Here are the three most popular and effective ways to setup a two-handed steelhead rod:
Skagit lines are really powerful, heavy lines that can deliver a heavy steelhead fly accurately over long distances. A Skagit setup is effective year-round and is the preferred method for many anglers year-round. Nearly every single winter steelhead angler will have a Skagit setup on their rod.
Both Skagit and Scandi Heads are short (15'-35') and do not have any type of level running line at the back of them. You will have to add your own.
From the reel: Backing > Running Line > Skagit Head > Sink Tip
The setup is not complete unless you have all of those components. Most folks will use a straight section of 10#-15# tippet, 4'-6' in length for the leader to complete the setup.
Scandi line systems are light and accurate, they are not quite as clunky as Skagit systems, and they arguably more enjoyable to cast as the whole system feels much lighter. Scandi systems are typcially used for summer steelhead fishing. Most anglers will switch to a Skagit system once the water temperatures drop into the low 50s or colder.
Like Skagit systems, Scandis need a running line, but no sink tip. Some anglers use a polyleader or versileader with them (often floating), but most anglers just use a 9' or 12' steelhead leader. The flies are meant to be fished near the surface usually.
From the reel: Backing > Running Line > Scandi Head > Tapered Leader or Polyleader/Versileader.
Nymphing Setups can be very productive. Using a switch or spey rod to fish them can be advantageous as the reach, mend and casting are all a bit easier with that long rod. If you choose to go with a nymphing setup, there are a few options, but most folks go with the RIO Switch Chucker or RIO Switch Line. Both of these are entire lines instead of a head with a separate running line like a Skagit or Scandi system.

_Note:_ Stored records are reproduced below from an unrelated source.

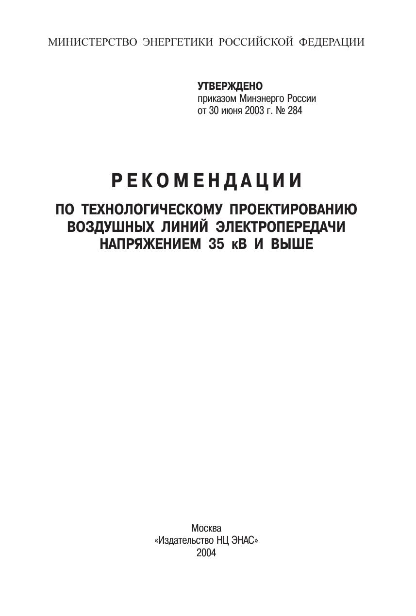 Рекомендации содержат основные положения по технологическому проектированию ВЛ переменного тока напряжением 35 кВ и выше. Настоящие Рекомендации распространяются на вновь сооружаемые и подлежащие техническому перевооружению и реконструкции ВЛ напряжением 35 кВ и выше. Для специалистов проектных и эксплуатационных организаций электроэнергетики.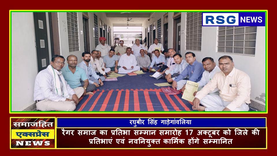रैगर समाज का प्रतिभा सम्मान समारोह 17 अक्टूबर को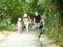 ↓往きのフェリ−の中にて[写真No.01]。“榕樹灣”埠頭で出発前の記念写真を撮り、海鮮屋やお土産店が立ち並ぶ路地[04] の雑踏を通り抜けて最初の道を左折、、、民家の脇に咲き乱れる草花を見ながら、、、 ↓しばらく行くと名物の"豆腐花"屋さん、早速親子でご賞味![09]。 そのまま畦の小道を進むと間もなく発電所近くの海岸[13]、、、この辺りも綺麗な花が咲いている。 ↓コ−スはこの海岸から登り坂となる。坂の途中、右手下の岩場では釣り人が糸を垂れ[15]、その沖合いには水上スキ−に興じる若者? 坂道を元気に登る子供達、、、この路肩も花イッパイ! フシの間隔が極端に狭い珍しい竹なども[20]、、、子供の歩きに合わせてユックリ歩くと、普段目に入らないいろんな物が目につくね〜! ↓長い坂道を登り終えたら峠の東屋に到着[23]。ここで小休止! 遠景は残念ながらガスで霞んでいるが、、、子供達は大喜び! 皆で記念写真を撮ったらさぁ〜出発! 山麓の細道を行く一行[26]、[27]、その遥か向こうにはガスに霞むラマ島最高峰の“山地塘”(Shan Tei Tong、 英名:Mt.Stenhouse) 353m も見える。麓の小道が終わったら今度は下り坂、左手下の埋立地も随分綺麗に整地されていた[28]。 ↓道は曲りくねった山中腹の下り坂、、、途中の東屋で[30]〜[32]、、、左手下の“索罟灣”[33] を見下ろしながらさらに下り坂は続く。林の中の遊歩道を下り切った所、小店脇から左折して民家の脇を抜けると、、、 ↓“索罟灣”沿いの小道の途中、右手の洞窟はその名も“神風洞”[36]! 戦時中に旧日本軍が掘ったとか? 今回は立派な案内板まで立っていた。ヤな感じだったので案内板は撮影せず! 灣”沿いの道を前進、、、間もなく“天后廟”の広場に出た[40]。ここで二人の女の子の様子を見るとまだかなり元気そう! ならばもう少し歩こう、とこの広場の右手“東澳”(Tung O)への標識に沿って今度は階段を登りだす[42]! ↓7歳の妹さんは元気! 階段を休みもせずにヒョイ、ヒョイと登って行く[43]。こちらの方が息切れ、フッ−! 林道の坂道登りが続く、、、 林を抜けると前方に大きな岩と東屋[46]、[47]、もう少しだッ! 間もなく全員が“菱角山”の麓の東屋、標高136mに到着。 ↓この東屋で小休止、はしゃぎ回る子供達、大岩の上で全員記念写真[52]、“孫娘に囲まれて”ご機嫌なジ−チャン[53]、、、これより東屋の下から標識[54] に沿って“菱角山”を目指して階段登りが続く、、、。 ↓右手下の方に“東澳灣”[57]。お姉ちゃんの方は植物採集で忙しい[58]! 長〜い階段を登り終えたらアンテナ林立の“菱角山”の尾根[59]、250mの三角点[60] を通り過ぎて、、、左下手は“東博寮海峡”(Tung Pok Liu Hoi Hap) [61]、そしてその向こうは香港島[62]のアバディ−ン方面だがガスに霞んでいる。快適な尾根歩きが続き、、、 ↓途中の東屋には先に着いていた妹チャンが待っていた![64]、、、尾根歩きの最後は不思議な大岩が散在する箇所を通過、、、そしていよいよ下山コ−スの階段下りが始まる。真下の“模達灣”をバックに記念写真[68]、[69]、、、長〜い階段下りが続く、、、 ↓やっと階段の終り、この標識[72] から左手へ、、、バナナ園を抜けて[74]、[75]、、、“模達新村”と呼ばれる村落、ここも花イッパイ! ↓花を眺めながら民家脇の坂道を登り、、、ふと後ろを振り返ると“模達灣”[80]、たしかあのビ−チにもウエスタン系のレストランがある、と聞いた事が有るが? しばらく行くと林道の舗装小道が続き、、、やがて右手“索罟灣”沿いの長〜い直線道路。さすがに疲れたか? 可愛い“孫の手”を引く優しいお爺チャン![84] ↓そしてやっと終着点、“漁村”の看板は行きつけの海鮮レストラン“Hilton”の裏口に到着! 約9q弱の歩きでした。皆で楽しく打上げの“麦酒”。子供達はコ−ラで乾杯! ここでユックリのんびり昼下がりの一時を過して、帰る頃は“索罟灣”に夕日が沈む頃でした。 |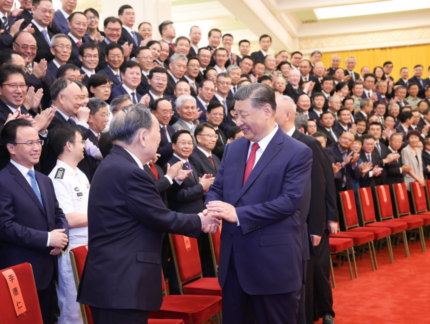 6月24日,全国科技大会、国家科学技术奖励大会和中国科学院第二十一次院士大会、中国工程院第十七次院士大会在北京人民大会堂隆重召开。中共中央总书记、国家主席、中央军委主席习近平向获得2023年度国家最高科学技术奖的武汉大学李德仁院士(右)和清华大学薛其坤院士(左)颁奖。新华社记者 鞠鹏 摄
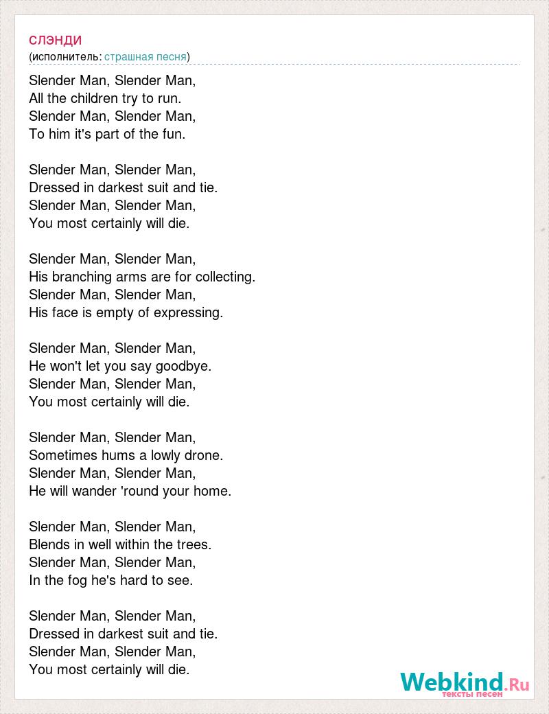 Slender Man, Slender Man, All the children try [bad word] Slender Man, Slender Man, To him it's part of the fun. Slender Man, Slender Man, Dressed in darkest suit and tie. Slender Man, Slender Man, You most certainly will die. Slender Man, Slender Man, His branching arms are for collecting. Slender Man, Slender Man, His face is empty of expressing. Slender Man, Slender Man, He won't let you say goodbye. Slender Man, Slender Man, You most certainly will die. Slender Man, Slender Man, Sometimes hums a lowly drone. Slender Man, Slender Man, He will wander 'round your home. Slender Man, Slender Man, Blends in well within the trees. Slender Man, Slender Man, In the fog he's hard to see. Slender Man, Slender Man, Dressed in darkest suit and tie. Slender Man, Slender Man, You most certainly will die.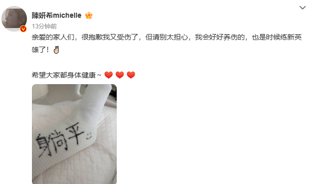 随后,陈妍希在个人社交账号也发文回应:“亲爱的家人们,很抱歉我又受伤了,但请别太担心,我会好好养伤的,也是时候练新英雄了!希望大家都身体健康。
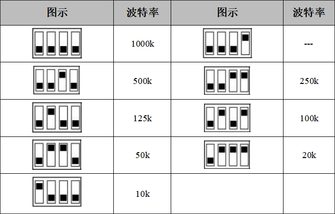 右侧拨码开关的1-4位用于设定模块的波特率,第一位为低位,第四位为高位。波特率与开关设置对应值如下表所示。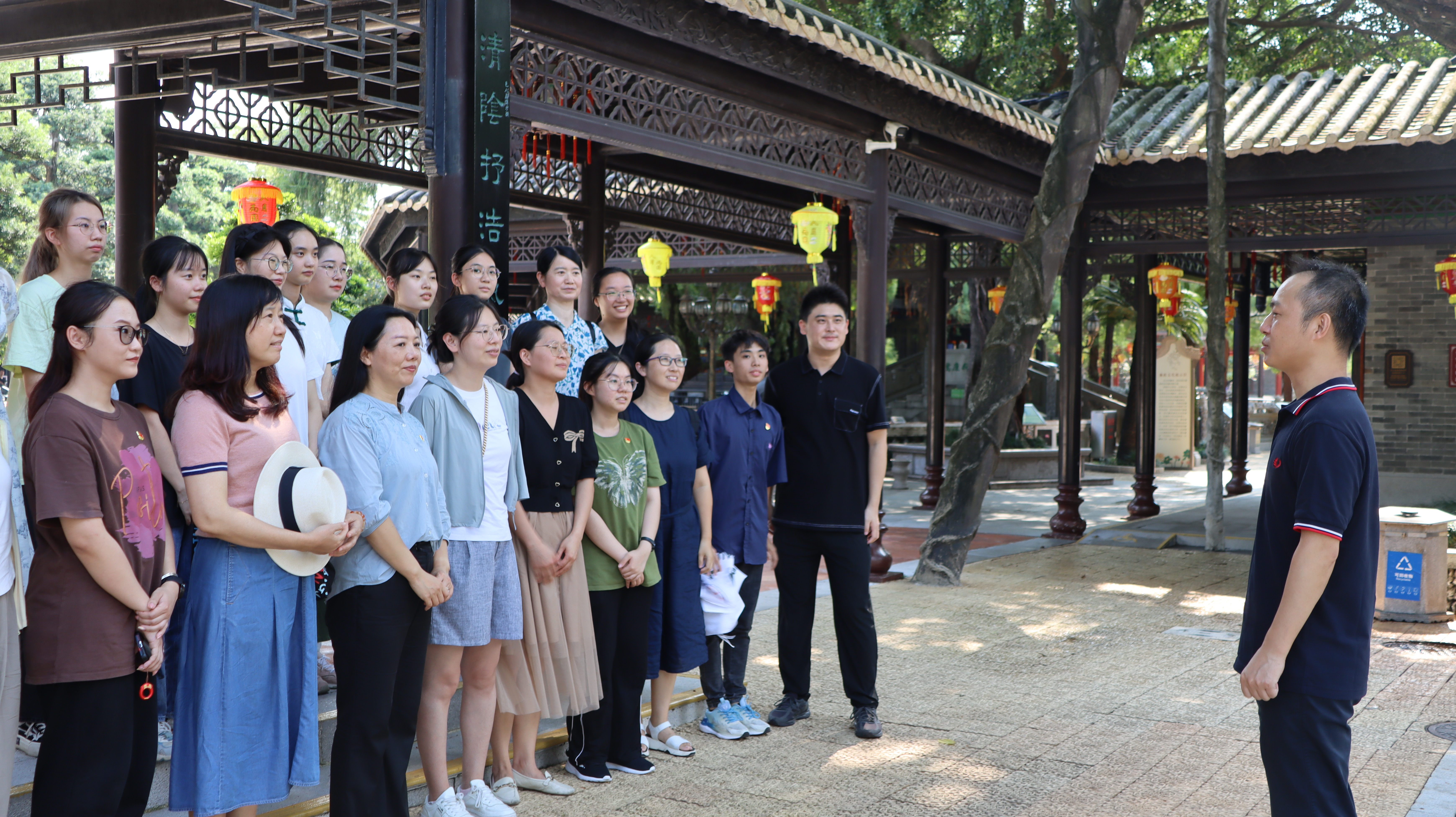 师生党员们参观了龙图馆、治本堂和宝墨堂,品读包拯的五言律诗《书郡斋壁》以及包拯家训。家训中的“不从我志,非吾子孙”皆是对包拯清廉奉公以及对子孙后代严格要求的写照。而园内多处具有岭南风情的景致也有其特殊含义,譬如养莲(廉)池、紫竹园、仰廉桥、清心亭等。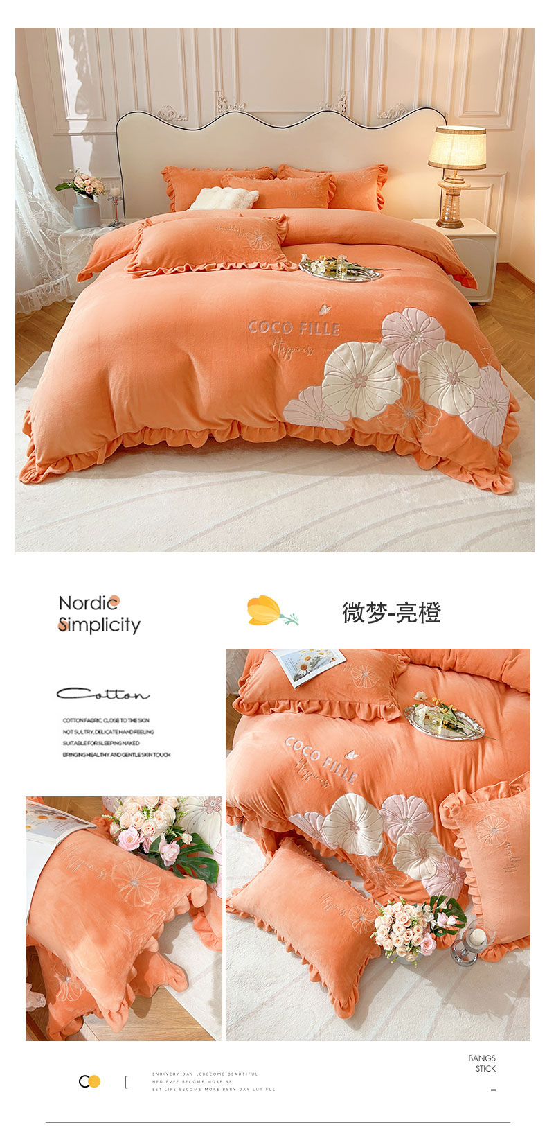 商品名称:卡初 2023新款高克重亲肤牛奶绒四件套 微梦-亮橙

From the Reel: Backing > Switch Line > Leader/Indicator
This line system will be finished off with a leader/indicator, etc... For setting up a nymph rod for steelhead, you can find some good intel right here.
One note about these setups. There is not one that will do everything well. Nymphing setups are not good for swinging flies, Skagit heads are not good for nymphing and Scandi heads are not good for throwing heavy flies. You may find yourself getting a couple of different setups as the seasons change or you figure out what style of fishing fits you best.